With inflation now running rampant as a result of the ruling class’ reckless measures, the capitalists and their representatives have been forced to admit that cheap credit and QE are no solution. Consequently, central bankers everywhere are hiking interest rates.
This is now leading to new problems, however. Due to the mountain of debt that has been accumulated in every corner of the capitalist system, households, business, and entire countries across the world face the prospect of bankruptcy.
And this looming crisis is especially acute in Britain, where inflationary pressures are greater, debts are larger, and zombie businesses are more widespread across the economy, in comparison to other advanced capitalist countries.
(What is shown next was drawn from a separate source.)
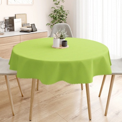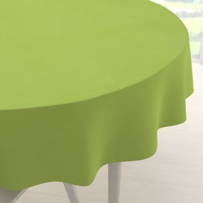 Teflonový kulatý ubrus na jídelní stůl, s jemným vzorováním v hráškově zelené barvě, vyrobený ze 100% polyesterové látky s vodoodpudivou a nešpinivou teflonovou úpravou. Je...

This is yet another reflection of the special crisis of British capitalism.
Make the bosses pay
Zombie companies are a symptom of a sick system; a sign of capitalism’s decay and decline. The Wilko collapse, in turn, indicates that the end is nigh for Britain’s zombie army.
Of course, it is the working class who will be asked to foot the bill for this crisis, in the form of massive job losses and wage cuts in the months and years ahead.
Whether it be inflation cutting away at living standards, or austerity and unemployment, the result is the same for workers. It is a choice of death by slow hanging, or death by a thousand cuts.
The anarchy of the market needs to be overthrown, and replaced by rational socialist planning.
This means nationalising the big banks and major monopolies, and placing them under workers’ control – operating according to a plan of production, based on needs not profits.
Businesses claiming bankruptcy should be forced to open up their books to the labour movement, so that workers themselves can see where the money is going.
And firms facing genuine liquidation should be brought under public ownership and control, in order to protect jobs and livelihoods, with the billionaires, bosses, and bankers made to pay the cost of any debt write-offs.
Only on a socialist basis can the scourge of zombie capitalism be cleared away, and the productive potential of society be unleashed in the interests of the many, not the few.